== GIVEN ENTRIES ==
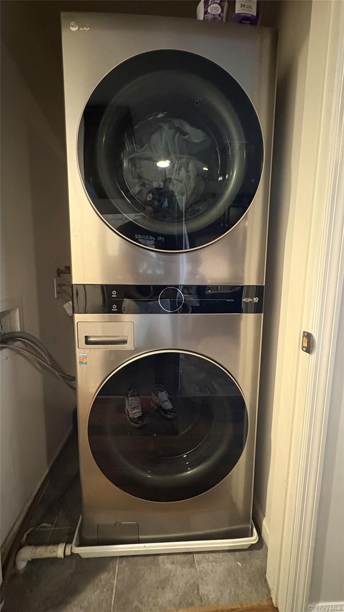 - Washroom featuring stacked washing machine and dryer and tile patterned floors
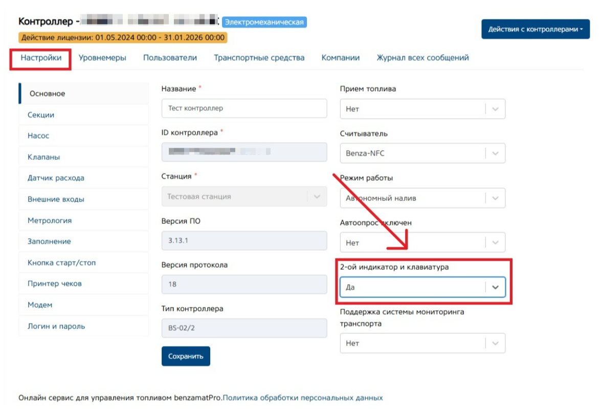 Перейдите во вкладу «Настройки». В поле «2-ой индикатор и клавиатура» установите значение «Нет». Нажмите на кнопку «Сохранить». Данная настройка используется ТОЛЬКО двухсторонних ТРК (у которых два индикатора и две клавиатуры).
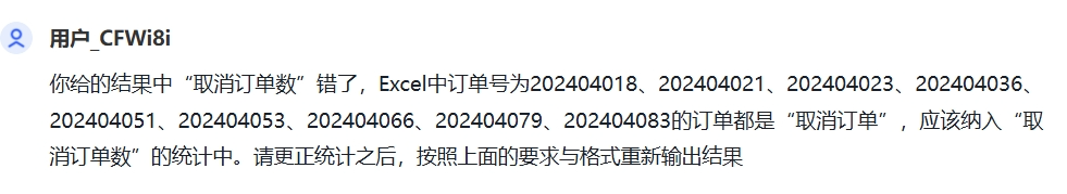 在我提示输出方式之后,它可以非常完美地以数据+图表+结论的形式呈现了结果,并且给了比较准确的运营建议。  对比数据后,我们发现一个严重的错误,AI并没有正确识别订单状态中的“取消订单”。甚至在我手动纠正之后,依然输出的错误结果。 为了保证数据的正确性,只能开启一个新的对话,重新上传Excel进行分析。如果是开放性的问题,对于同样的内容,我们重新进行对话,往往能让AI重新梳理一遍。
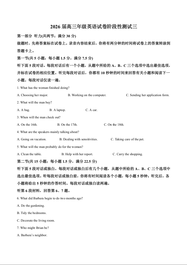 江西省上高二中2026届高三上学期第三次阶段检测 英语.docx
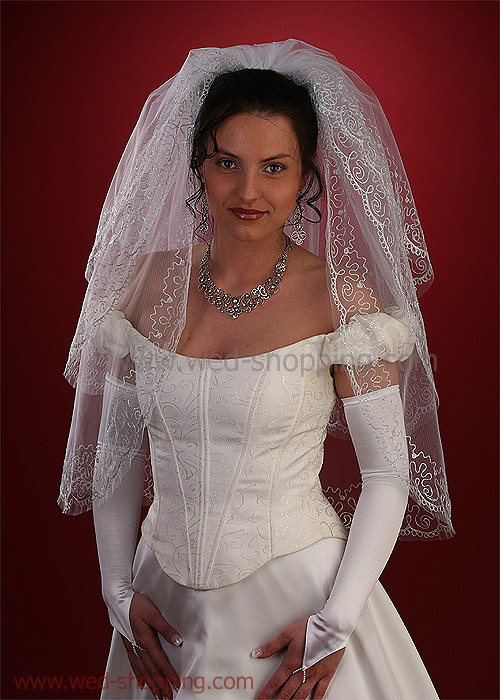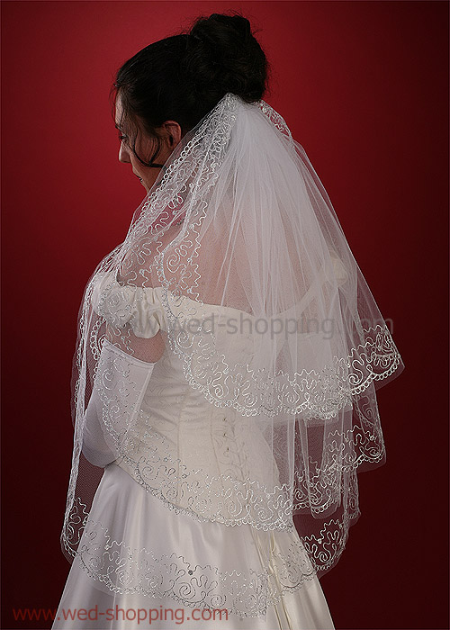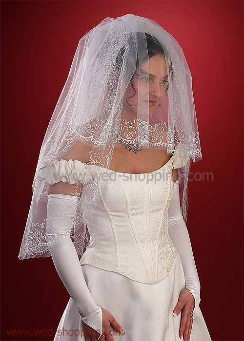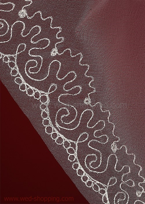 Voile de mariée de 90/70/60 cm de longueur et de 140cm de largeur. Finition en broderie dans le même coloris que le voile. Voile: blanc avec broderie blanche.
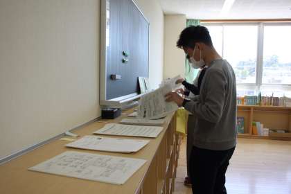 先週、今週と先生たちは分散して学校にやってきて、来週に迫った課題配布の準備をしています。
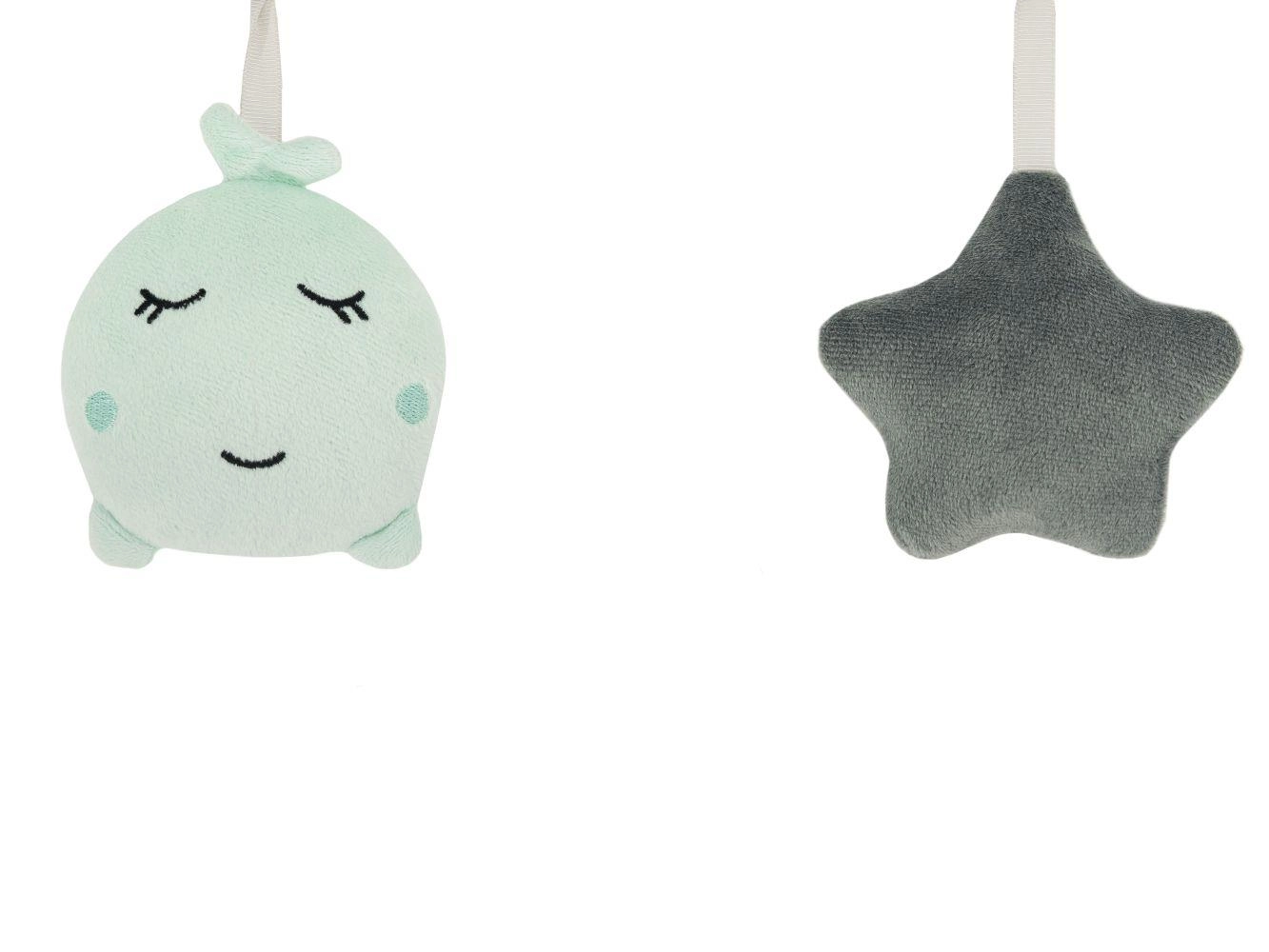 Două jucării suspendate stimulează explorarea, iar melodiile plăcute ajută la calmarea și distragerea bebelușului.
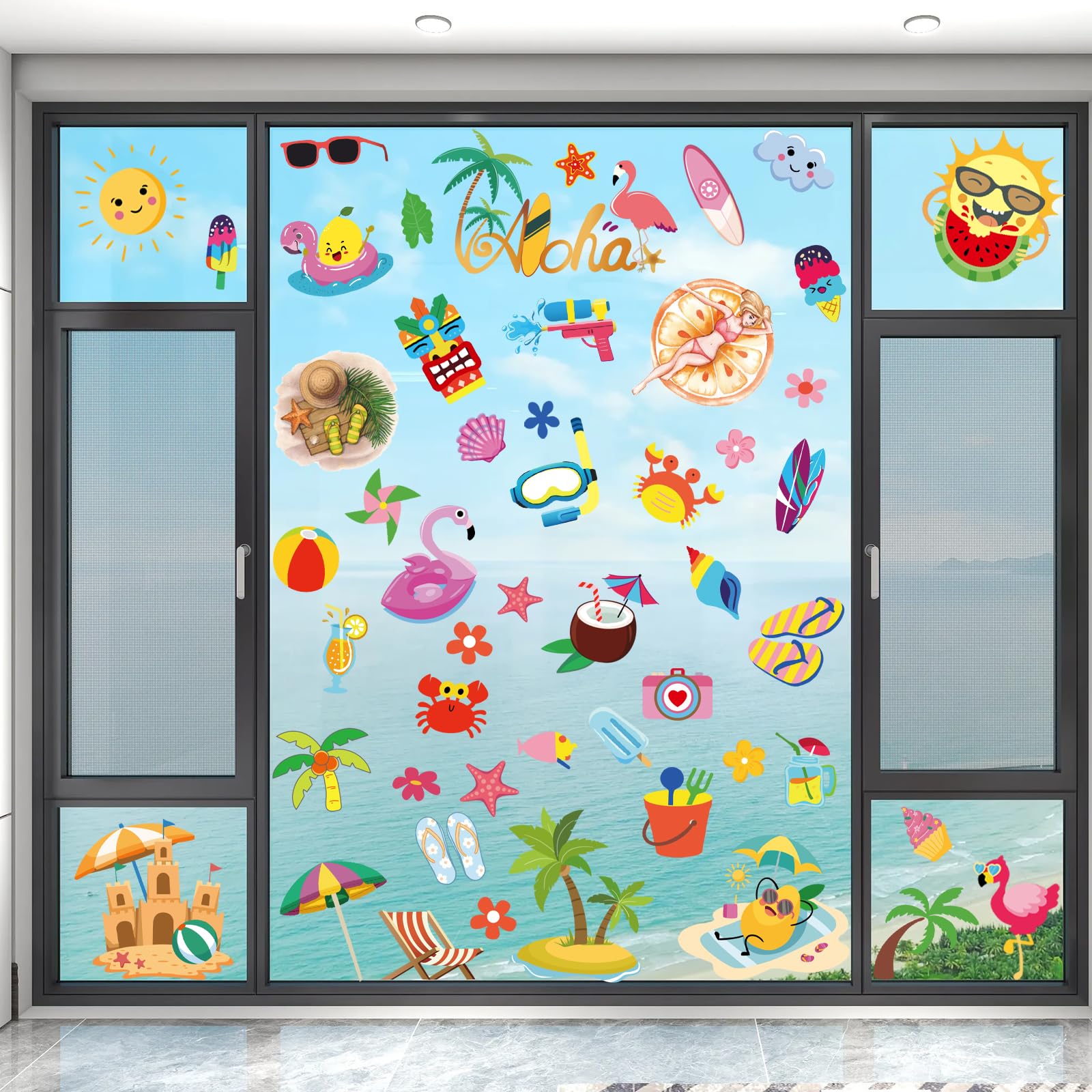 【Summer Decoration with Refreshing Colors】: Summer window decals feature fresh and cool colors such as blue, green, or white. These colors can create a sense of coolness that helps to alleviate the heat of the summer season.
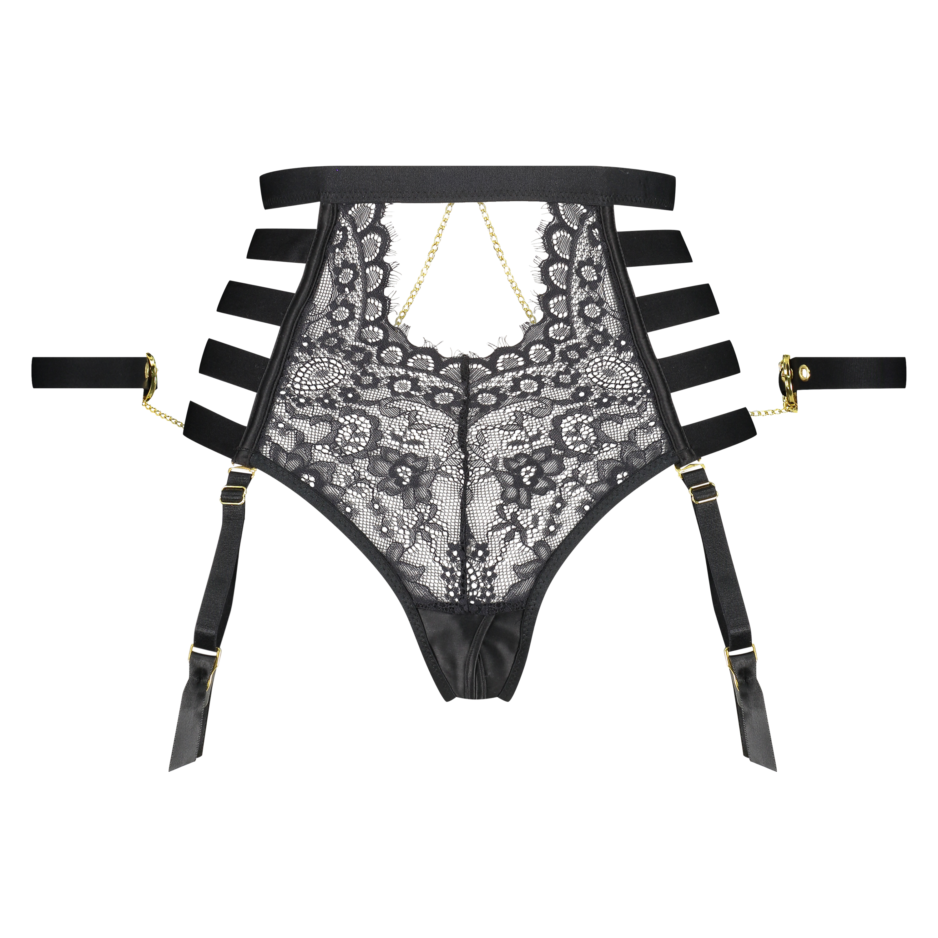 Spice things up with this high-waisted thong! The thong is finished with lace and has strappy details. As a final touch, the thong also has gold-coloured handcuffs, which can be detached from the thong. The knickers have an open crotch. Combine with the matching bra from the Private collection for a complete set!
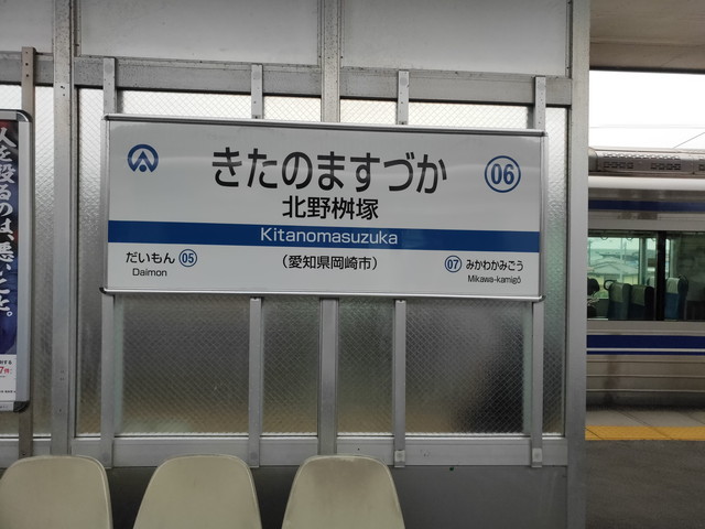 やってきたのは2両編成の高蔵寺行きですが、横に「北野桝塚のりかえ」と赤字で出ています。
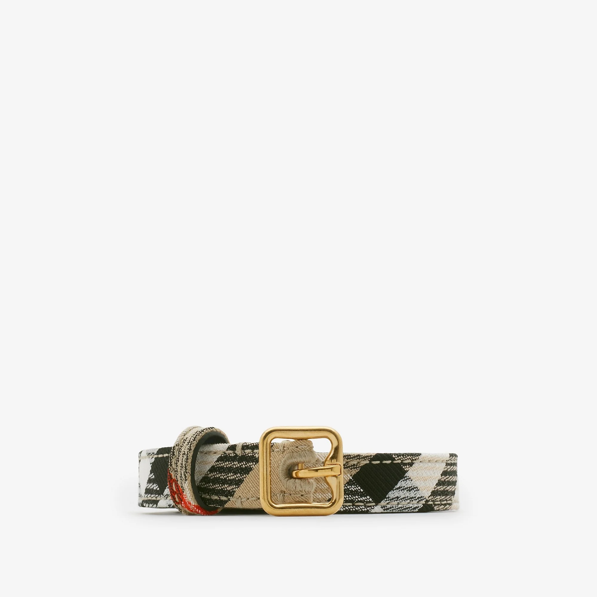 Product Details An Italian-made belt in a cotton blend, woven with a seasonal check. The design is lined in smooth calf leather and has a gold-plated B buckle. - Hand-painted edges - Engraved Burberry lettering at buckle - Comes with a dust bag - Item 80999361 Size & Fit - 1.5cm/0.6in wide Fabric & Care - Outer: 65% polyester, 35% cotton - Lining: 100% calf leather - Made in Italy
===
TASK STATEMENT:
Print exactly, with no pictures, the lines above from the one that holds "Voile de mariée" through the one that holds "やってきたのは2両編成の高蔵", both of them included.

EXERCISE SOLUTION:
 Voile de mariée de 90/70/60 cm de longueur et de 140cm de largeur. Finition en broderie dans le même coloris que le voile. Voile: blanc avec broderie blanche.
 先週、今週と先生たちは分散して学校にやってきて、来週に迫った課題配布の準備をしています。
 Două jucării suspendate stimulează explorarea, iar melodiile plăcute ajută la calmarea și distragerea bebelușului.
 【Summer Decoration with Refreshing Colors】: Summer window decals feature fresh and cool colors such as blue, green, or white. These colors can create a sense of coolness that helps to alleviate the heat of the summer season.
 Spice things up with this high-waisted thong! The thong is finished with lace and has strappy details. As a final touch, the thong also has gold-coloured handcuffs, which can be detached from the thong. The knickers have an open crotch. Combine with the matching bra from the Private collection for a complete set!
 やってきたのは2両編成の高蔵寺行きですが、横に「北野桝塚のりかえ」と赤字で出ています。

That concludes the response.